[Cuis-dev] hole in my Morphic knowledge
Mariano Montone
marianomontone at gmail.com
Sat Aug 17 16:22:31 PDT 2024
El 15/8/24 a las 10:34, Mark Volkmann via Cuis-dev escribió:
> I was somewhat surprised to learn that LayoutMorph does not implement
> a drawOn: method that sends #drawOn: to each of its submorphs. What is
> it that triggers the submorphs to be drawn? I had assumed that any
> morph can have submorphs, but most morphs (like LabelMorph) do not
> draw their submorphs. Now I'm questioning that assumption.

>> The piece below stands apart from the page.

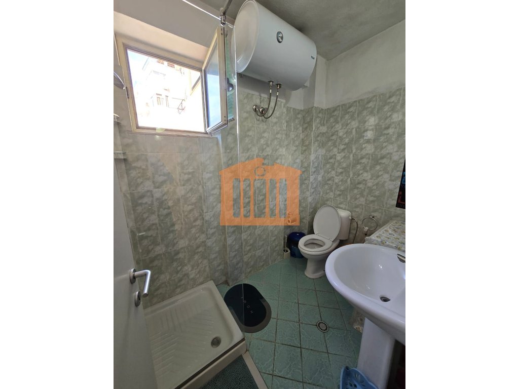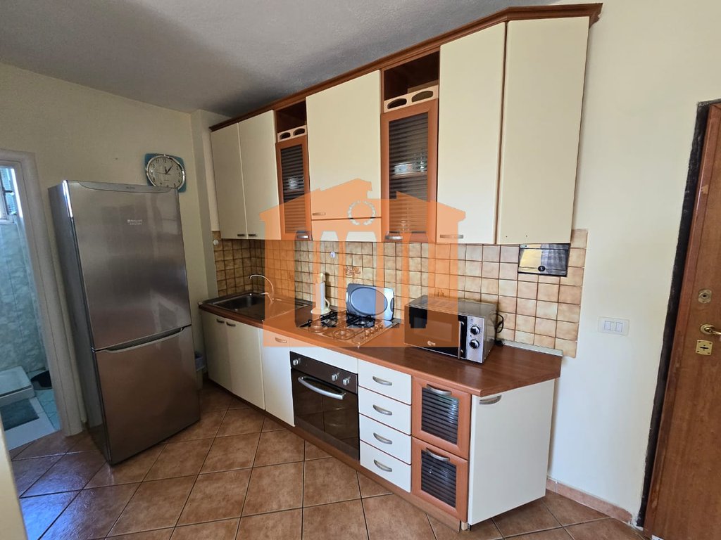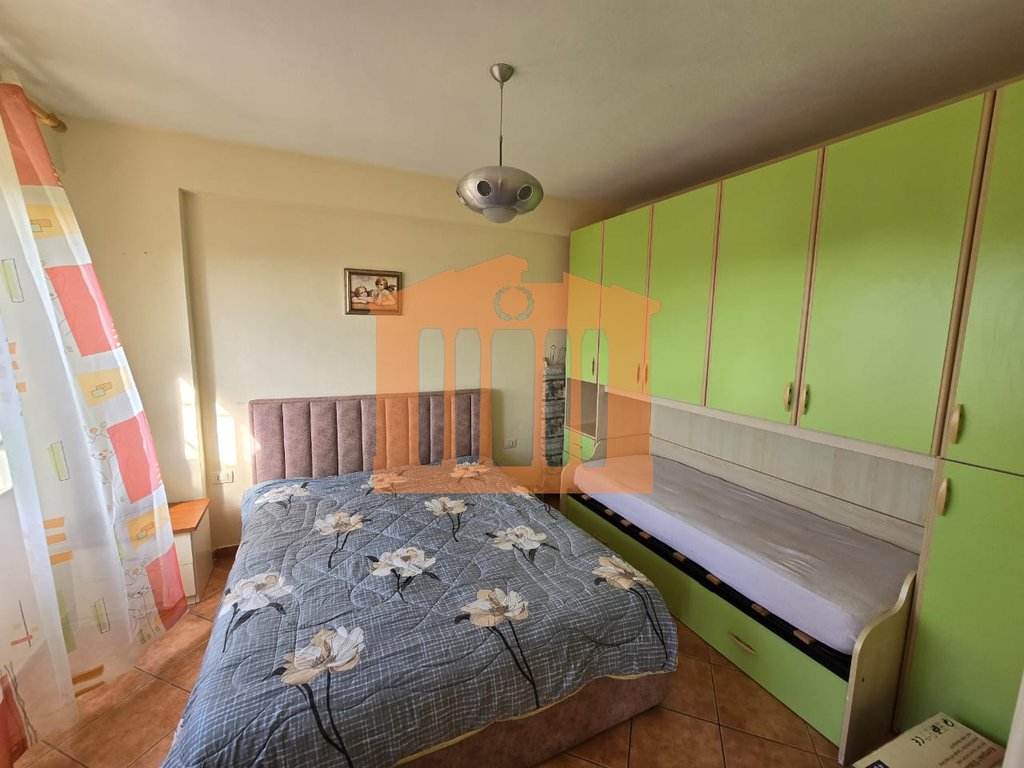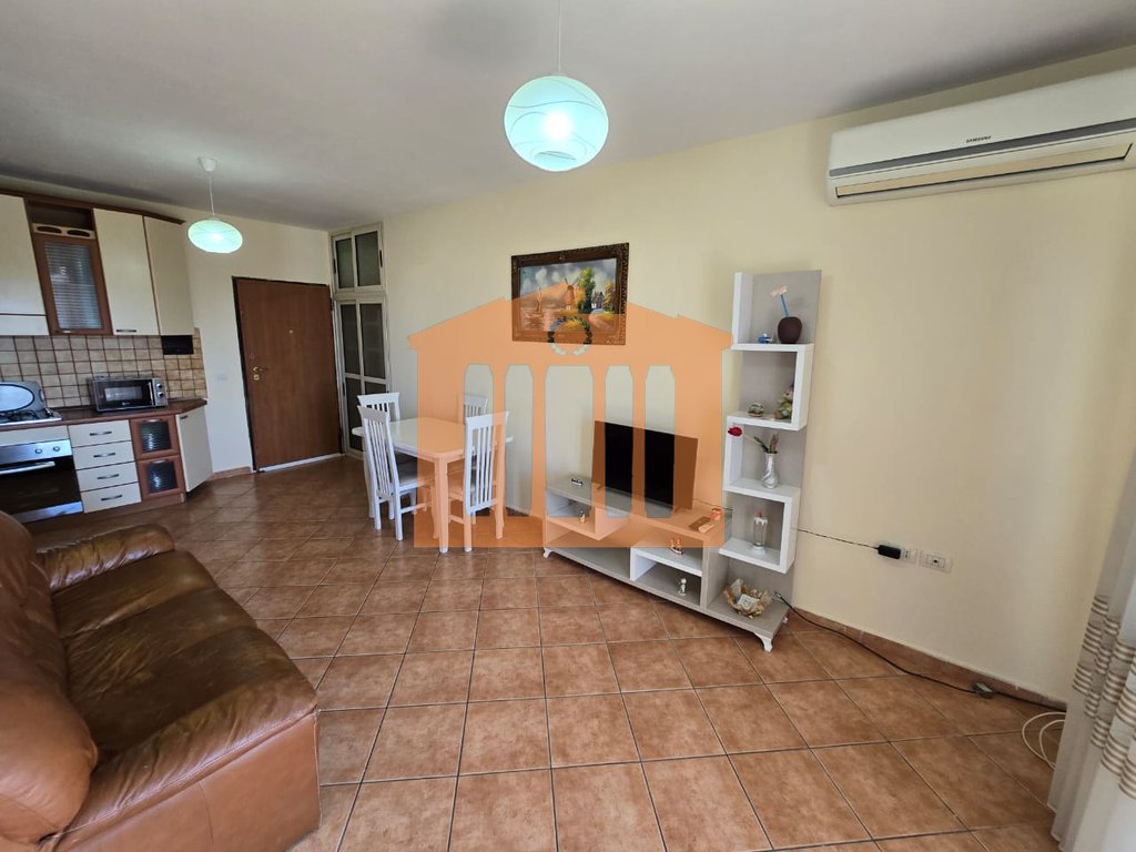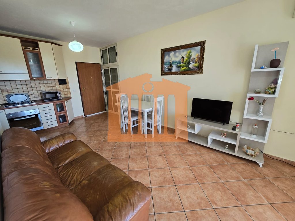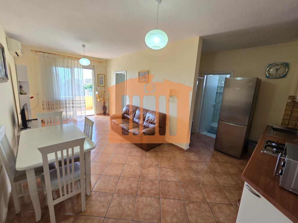 Apartamenti ndodhet ne katin e 5-te te banimit te nje pallati te ri me ashensor ne Plazh perballe kompleksit Florida. Organizohet ne nje korridor qe ben shperndarjen e ambienteve ne nje dhome ndenje+kuzhine, 1 dhome gjumi, 1 tualet me dritare dhe nje ballkon i bollshem ku ofron nje pamje te lire. Apartamenti eshte i mobiluar ne menyre komode dhe jepet me qira per periudhe afatgjate me nje vlere 35.000 lek/muaj, nuk preferohen kafshet shtepiake.

There's an Erudite book which is not up-to-date. Feature require:
'MorphicBook'.
It has a section on the UI loop:
"The UI Loop
At the heart of every interactive user interface framework lies the
modern equivalent of the read-evaluate-print loop of the earliest
interactive computer systems. However, in this modern version, "read"
processes events instead of characters and "print" performs drawing
operations to update a graphical display instead of outputting text.
Morphic's version of this loop adds two additional steps to provide
hooks for liveness and automatic layout:
do forever:
process inputs
send step to all active morphs
update morph layouts
update the display
Sometimes, none of these steps will have anything to do; there are no
events to process, no morph that needs to be stepped, no layout updates,
and no display updates. In such cases, morphic sleeps for a few
milliseconds so that it doesn't hog the CPU when it's idle."
So, as you say, morphs dont' redraw their submorphs, the UI loop does
it. LayoutMorph doesn't need a drawOn: method, as it has nothing to draw
on a canvas, just get its submorphs positions right. Then the UI loop is
in charge of triggering re-layout and redisplays of the "dirty" morphs.
Also, LabelMorph doesn't have any submorphs, does it?